§ **Brief**
Please set down every entry again exactly as it stands, without the pictures.

*** Extracted records ***

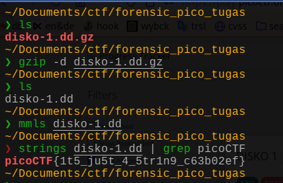 Setelah proses ekstrak berhasil saya mencoba menggunakan tools mmls, tapi sayangnya tidak menghasilkan apapun. Karena format flag pada platform picoCTF adalah picoCTF{flag}, maka saya mencoba menggunakan command strings dan grep dan ternyata saya langsung mendapatkan flag-nya.
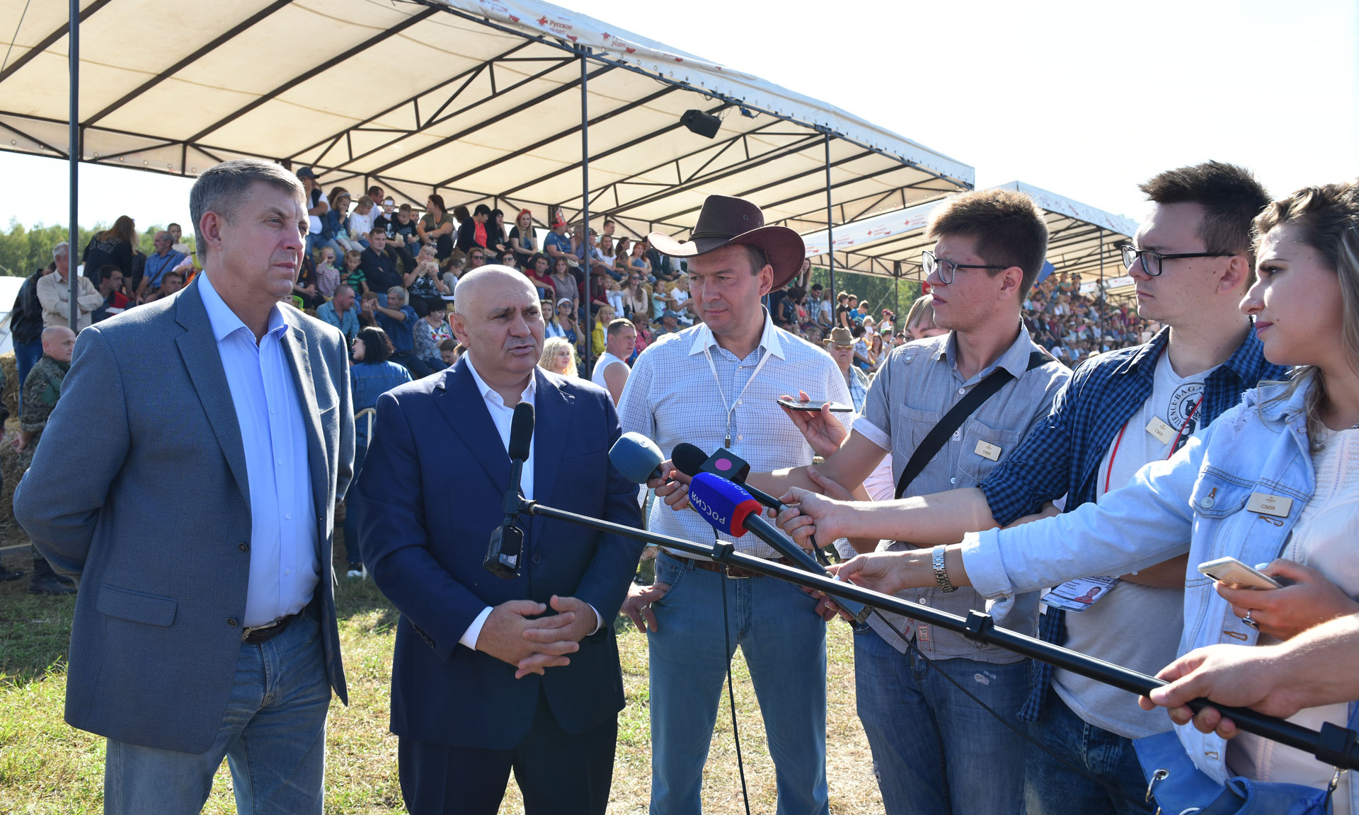 Первый заместитель Министра сельского хозяйства РФ Джамбулат Хатуов, Губернатор Брянской области Александр Богомаз и президент АПХ «Мираторг» Виктор Линник ответили на вопросы журналистов перед началом праздника «Русское родео-2019», который состоялся на ферме «Леденево» в Жуковском районе.
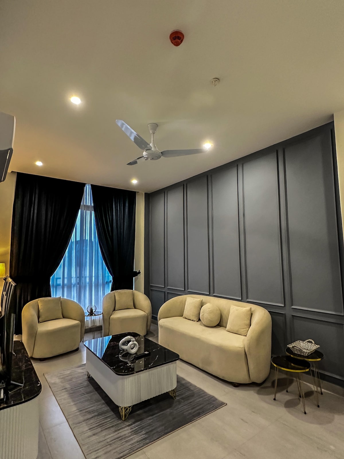Marrakesh Two. First Airbnb designed for Overseas Pakistanis returning home. Floor-to-ceiling windows, plush furnishings, and a calm neutral palette create a warm yet international standard of living. ☕️ Enjoy spacious lounges, a modern kitchen, ano serene bedrooms with balcony views Perfect for families seeking both luxury and familiarity in the heart of Pakistan 🇵🇰 Located just 7 minutes from Phase 7 Food Street, guests can enjoy a vibrant mix of local and international dining. 🍲
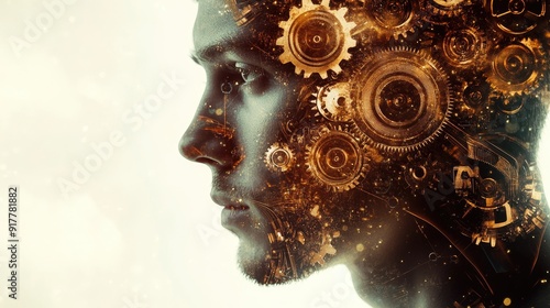 A double exposure of a man face intertwined with mechanical cogs, symbolizing the fusion of humanity and industry.
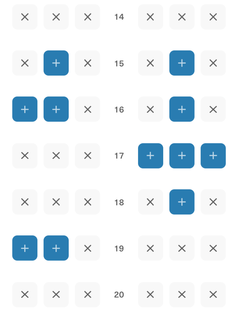 If you were a solo traveler selecting seats for this flight, you may be tempted to select window seats in row 16 or 19 hoping for an empty middle, or even one of the seats in row 17, vying for the elusive full row of three seats.
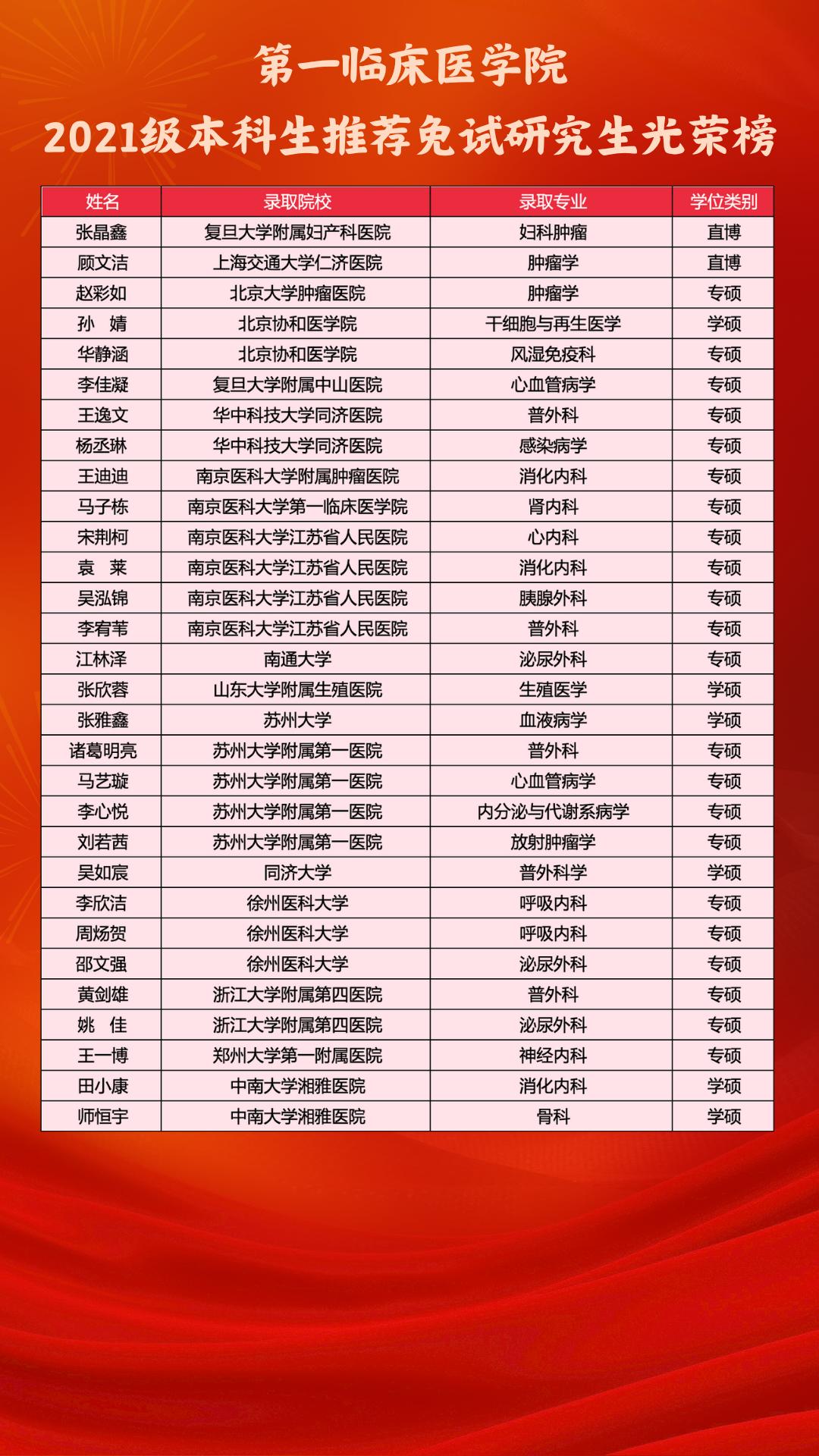捷报如光,点亮金秋!在2026届推免中,第一临床医学院2021级本科生以梦想为帆,以汗水为桨,不负韶华,不负热爱,终迎硕果盈枝!30名学生成功迈入更高学府,继续探索医学奥秘!
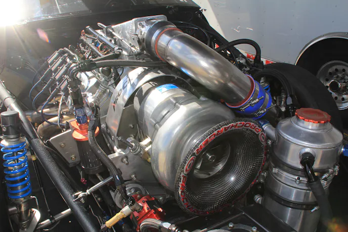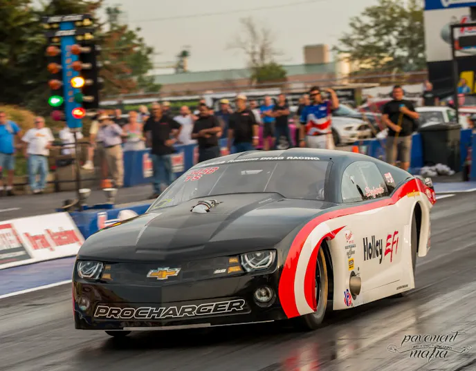 IMG_9872The combination, he shares, has been both ultra-consistent and relatively low on maintenance, owing to the reliability of centrifugal supercharger combinations when paired with an engine built to handle it. In 2015, he ran a single blower belt the entire season, and says it still looks brand new. “We don’t even have to cool it own methanol between rounds. We change the plugs just so we can get a good reading every pass, but other than that and fueling it up and charging the battery, that’s about all of the maintenance we do.”
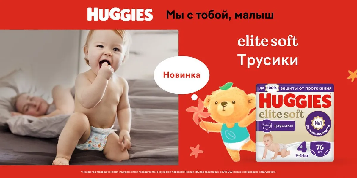 «Супердышащие» трусики нового поколения HUGGIES Elite Soft для нежной заботы о коже!

*** End of Extracted records ***

§ **Exercise output**
 Setelah proses ekstrak berhasil saya mencoba menggunakan tools mmls, tapi sayangnya tidak menghasilkan apapun. Karena format flag pada platform picoCTF adalah picoCTF{flag}, maka saya mencoba menggunakan command strings dan grep dan ternyata saya langsung mendapatkan flag-nya.
 Первый заместитель Министра сельского хозяйства РФ Джамбулат Хатуов, Губернатор Брянской области Александр Богомаз и президент АПХ «Мираторг» Виктор Линник ответили на вопросы журналистов перед началом праздника «Русское родео-2019», который состоялся на ферме «Леденево» в Жуковском районе.
Marrakesh Two. First Airbnb designed for Overseas Pakistanis returning home. Floor-to-ceiling windows, plush furnishings, and a calm neutral palette create a warm yet international standard of living. ☕️ Enjoy spacious lounges, a modern kitchen, ano serene bedrooms with balcony views Perfect for families seeking both luxury and familiarity in the heart of Pakistan 🇵🇰 Located just 7 minutes from Phase 7 Food Street, guests can enjoy a vibrant mix of local and international dining. 🍲
 A double exposure of a man face intertwined with mechanical cogs, symbolizing the fusion of humanity and industry.
 If you were a solo traveler selecting seats for this flight, you may be tempted to select window seats in row 16 or 19 hoping for an empty middle, or even one of the seats in row 17, vying for the elusive full row of three seats.
捷报如光,点亮金秋!在2026届推免中,第一临床医学院2021级本科生以梦想为帆,以汗水为桨,不负韶华,不负热爱,终迎硕果盈枝!30名学生成功迈入更高学府,继续探索医学奥秘!
 IMG_9872The combination, he shares, has been both ultra-consistent and relatively low on maintenance, owing to the reliability of centrifugal supercharger combinations when paired with an engine built to handle it. In 2015, he ran a single blower belt the entire season, and says it still looks brand new. “We don’t even have to cool it own methanol between rounds. We change the plugs just so we can get a good reading every pass, but other than that and fueling it up and charging the battery, that’s about all of the maintenance we do.”
 «Супердышащие» трусики нового поколения HUGGIES Elite Soft для нежной заботы о коже!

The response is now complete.